Hey everybody welcome back to Reimagining the Internet. I’m your host Ethan Zuckerman.
We’ve got a real treat today. We’re here with Talia Stroud who was the first ever guest on Reimagining the Internet back in October 2020. We’ve come a long way since then and now.
When we had Talia on last time, she was talking about work on the Civic Signals project with our friend Eli Pariser. We’re now going to talk with her about a set of papers that have come out understanding social media, US politics, people’s attitudes, algorithms, all sorts of amazing stuff.
Before we get into it, Talia Stroud is a professor. She’s founder and director of the Center for Media Engagement at the University of Texas at Austin. And she co-led with Joshua Tucker at NYU, a group of social scientists who conducted studies with data put forward by Meta, which has resulted in a set of really important and really interesting publications that have come out in Science and in Nature with lots more to come.
Talia, welcome back. So glad to have you here.
I am so delighted to be here again. Thank you for having me.
You have been a very busy person. You and Joshua are last authors. And for those of us who aren’t in academe, last author basically means sort of running and overseeing the whole project, editing, making sure that this work happens even when someone else is the primary researcher on something.

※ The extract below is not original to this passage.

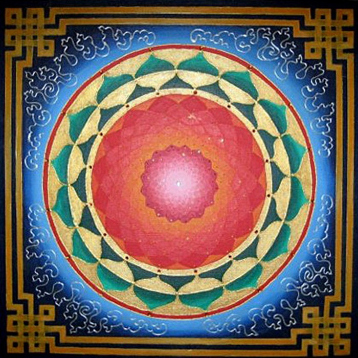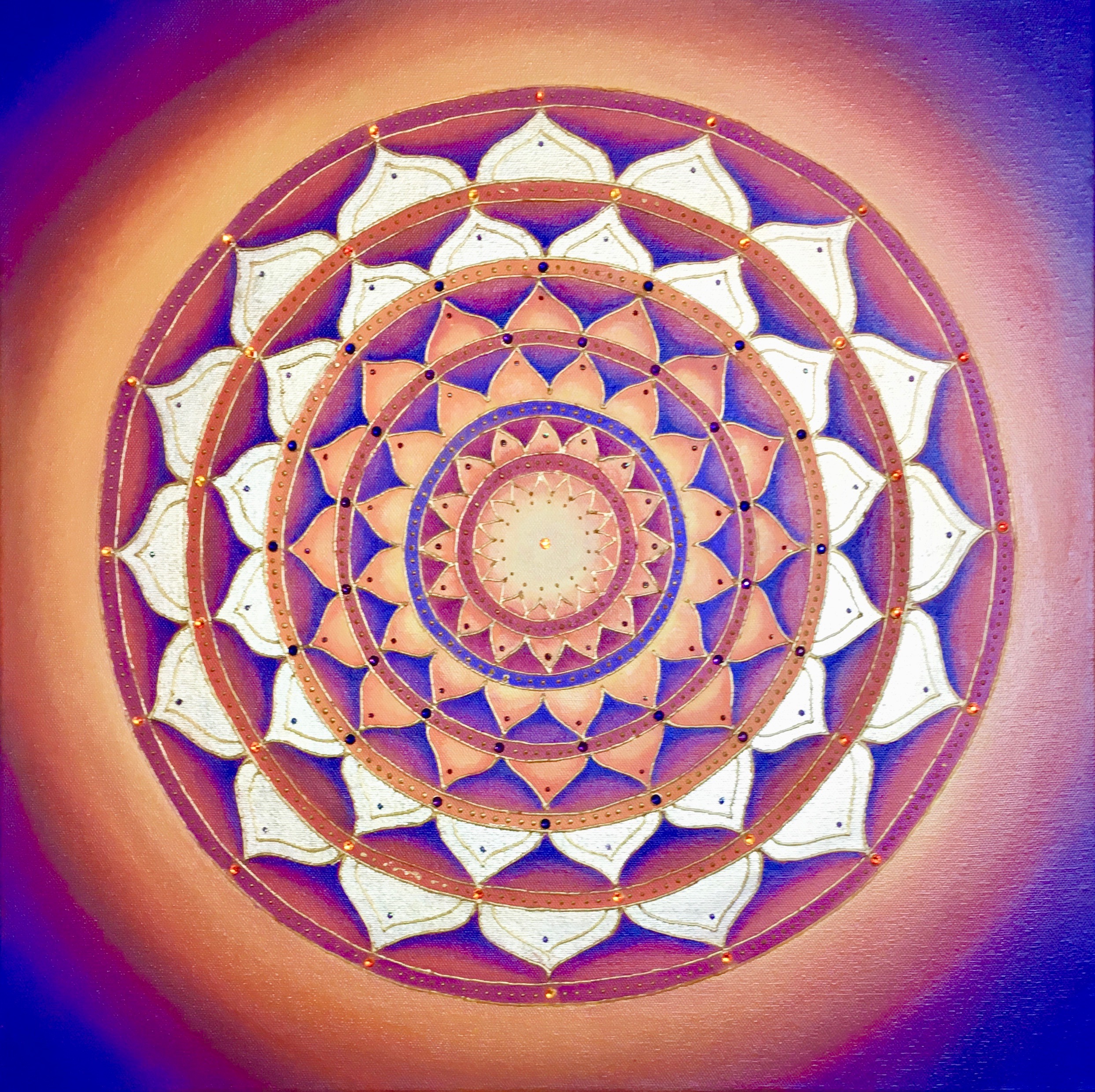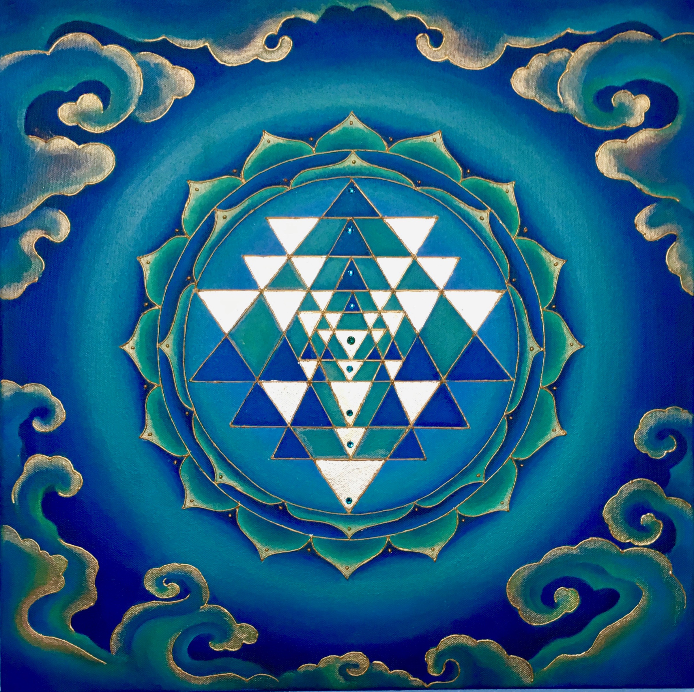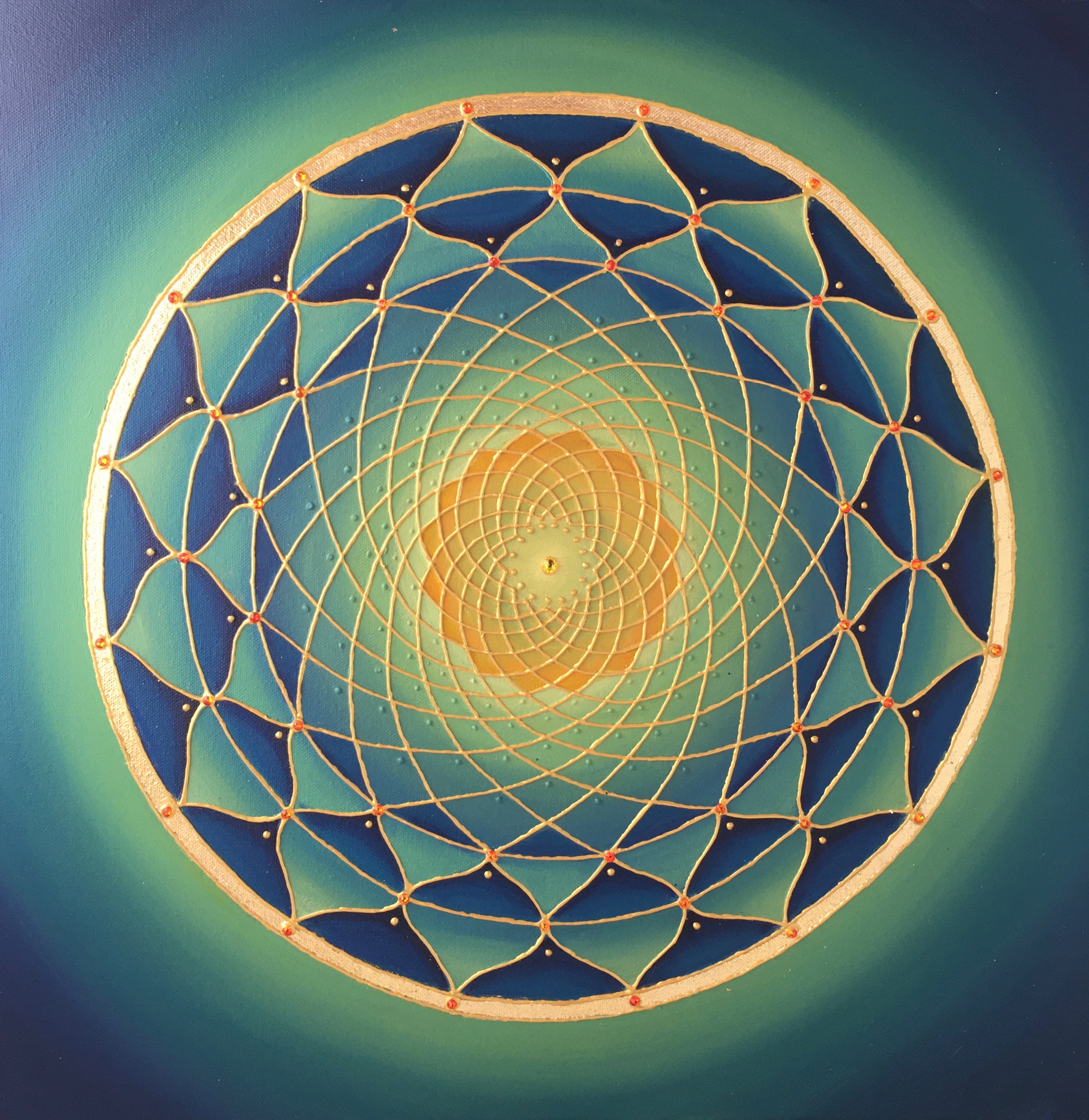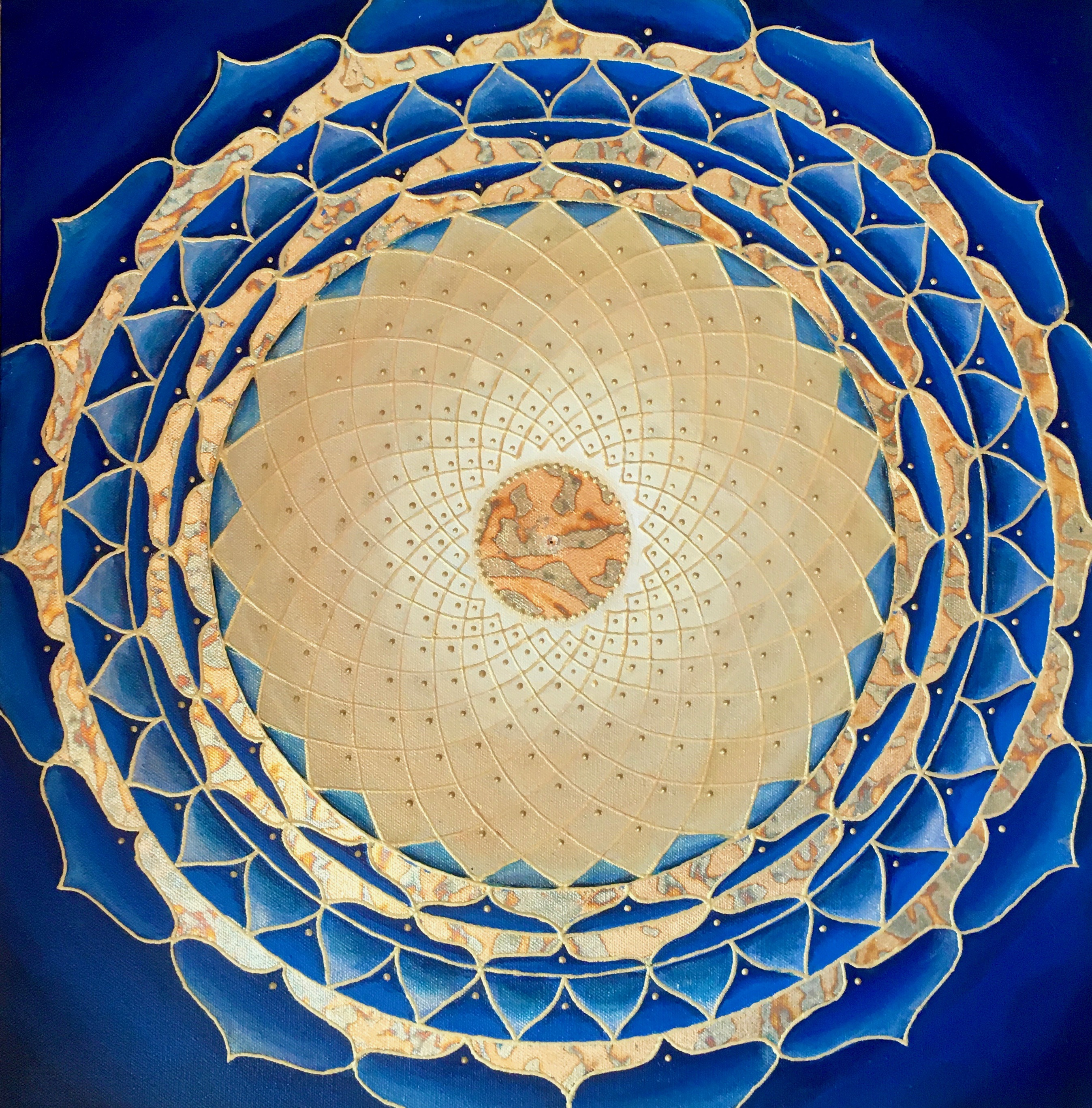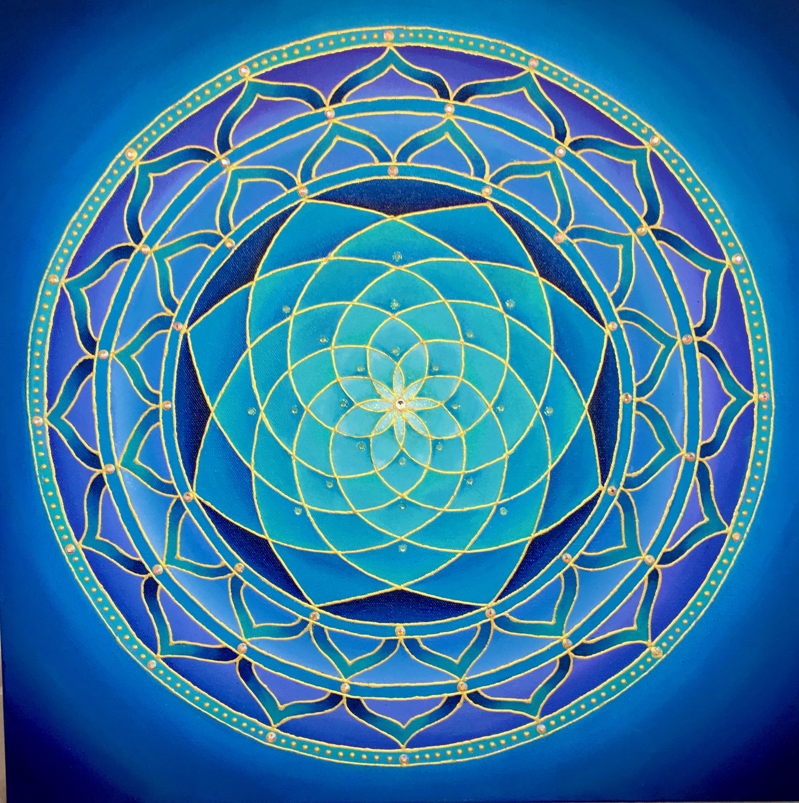 I’m attracted to symmetry, the beauty of form arising from balanced proportions. Colors and forms in nature are often my inspiration. My paintings may resemble the sun, ocean, sky, clouds, mountains, rainbows, peacocks, or a sunflower. Mandalas represent ‘wholeness,’ helping us connect to our center and embody a feeling of holistic completeness.

You and Joshua are Last Author on this set of papers that have come out.
These are papers focusing on the role of social media in the 2020 US presidential elections. The results of these papers are really complex and nuanced, and they’re telling us a lot that we didn’t know previously about social media. Before we get into what we learned from this, tell me how this collaboration came about. And for you, what made you want to take on this research project?
Wow, great questions. Well, the research project came about, there have been lots of discussions, both inside Meta and between Meta and a variety of different academics saying we didn’t have much information in 2016 and in hindsight, wow, we wish we had data on what took place in the 2016 election with respect to social media.
And so a lot of people were having conversations saying let’s do something differently when we look to 2020. And so a collaboration started to form Social Science One, which was a previous iteration of research and making data available to academics, was a bit of a conduit for this.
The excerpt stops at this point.